23 octobre 2020 à 17h00 Par Julia Maz-Loumides
Un semi-rigide Sea Shepherd et un bateau de pêche se sont croisés en mer.
Crédit photo : Archives

Le comité départemental des pêches du Finistère a reproché à l’ONG Sea Shepherd d’agir de manière dangereuse pour les marins. Cette accusation survient après une brève action de l’association envers des pêcheurs.

Les faits se seraient déroulés jeudi 22 octobre au matin. À bord d’un bateau semi-rigide, des militants auraient délibérément aveuglé, à l’aide de leur projecteur, un petit navire de pêche, empêchant le capitaine de naviguer. Par la suite, ils auraient continué leur route en passant entre le bateau et ses filets. "Une action inacceptable et dangereuse pour tout le monde", clame le comité départemental des pêches du Finistère.

"Une guérilla"

Ce vendredi 23 octobre, le comité national s’est joint à l’accusation en indiquant que "ce qui était censé constituer une lutte pour la préservation des océans et de la biodiversité s’apparente désormais à une guérilla". Pour les pêcheurs, la campagne de communication de l’association ainsi que ses pratiques sur les réseaux sociaux "frôlent la désinformation". Elle utiliserait "un animal totem (le dauphin, ndlr) qui – contrairement à ses affirmations – n’est pas en danger".

"Nos marins ont le droit d’être sur la zone"

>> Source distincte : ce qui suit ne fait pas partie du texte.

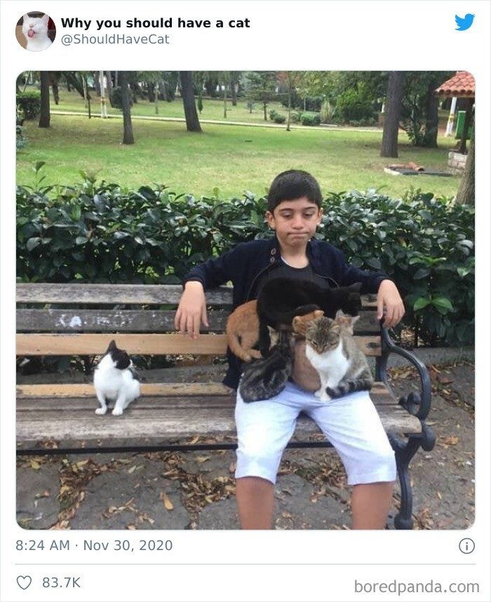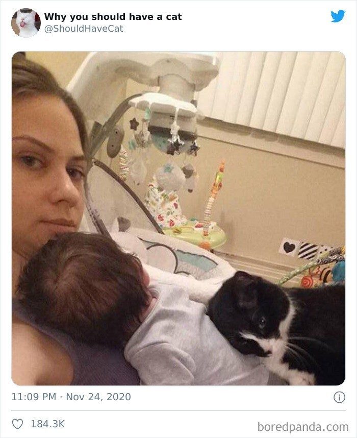 В описании твиттер-аккаунта Why you should have a cat говорится, что это идеальная страничка, если вам нужно убедить своих домашних завести кошку, а они отказываются.
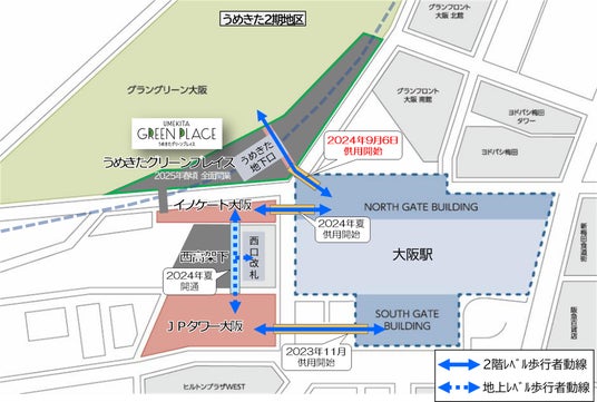 この度、大阪府・大阪市・独立行政法人都市再生機構・三菱地所株式会社を代表企業とするグラングリーン大阪開発事業者JV9社と連携し、うめきた2期地区の先行まちびらき日を2024年9月6日に決定すると共に、既存大阪駅方面(ノースゲートビルディング2階)とうめきたグリーンプレイスを接続する歩行者デッキを同日に開通することとなりましたので、お知らせします。2024年夏に開業を予定しているイノゲート大阪等の開発と合わせ、うめきた2期地区を含む大阪駅西側エリアへのアクセス性は格段に向上し、利便性、回遊性が更に高まります。

Ce même vendredi 23 octobre, Sea Shepherd de rétorquer que "les dauphins et l’océan dans son ensemble sont en train de faire les frais de nos pratiques de pêche destructrices et le grand public a le droit de savoir ce qui se passe". Concernant l’accusation du comité, l’association indique que leurs équipes respectent la réglementation en vigueur et ne gênent pas les pêcheurs. "La mer est un domaine public qui n’appartient pas aux pêcheurs. Qu’ils le veuillent ou non, dès lors que nous ne gênons pas leurs manœuvres, nos marins ont le droit d’être sur la zone", indique l’ONG. Elle ne compte pas renoncer à "une présence en mer qui joue un rôle indispensable" mais renouvelle sa "volonté de dialoguer dans l’apaisement".